I throw up my hands
Oh, the impossibilities
Frustrated and tired
Where do I go from here?
Now I'm searching for the confidence
I've lost so willingly
Overcoming these obstacles
is overcoming my fear
-"For the Moments I Feel Faint", Relient K
Having just gone to the Relient K and Switchfoot concert, I've been listening to their music a lot lately. Today, the lyrics from "For the Moments I Feel Faint" just resonated in my head, especially after sixth period. Catherine and I are trying a new activity that we're calling "Universal Access". Basically, the kids are 27 different project options, ranging from writing and performing a play or making a 3-D model or writing a test and providing an answer key, etc.
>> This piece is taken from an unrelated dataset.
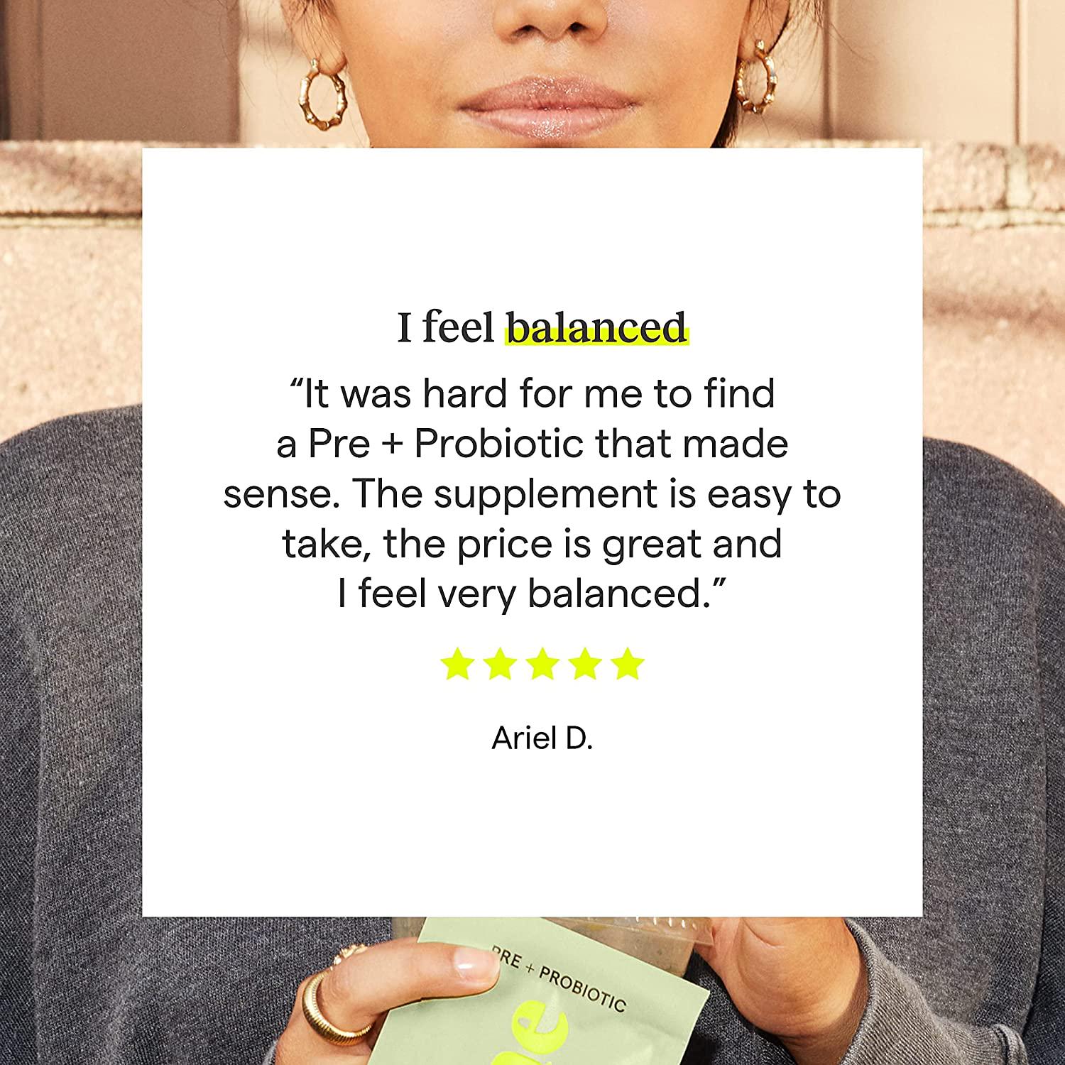 Pre+Probiotic: I feel less bloated, I have more energy and my skin is clearer. -Camille

Basically, a huge range of options (plus their own choice). Several stipulations, though: they have to do a project based on one of our focus standards and the point value goes up by 30 for every student added to a group.
As part of this project, Catherine and I require a Learning Contract with the student. They fill out teh details of their project, letting us- the teacher- know exactly what it will take to compelte their proejct, what focus standard their project applies to, and their criteria evaluation. basically they have to give me a rubric for how they want me to grade their project.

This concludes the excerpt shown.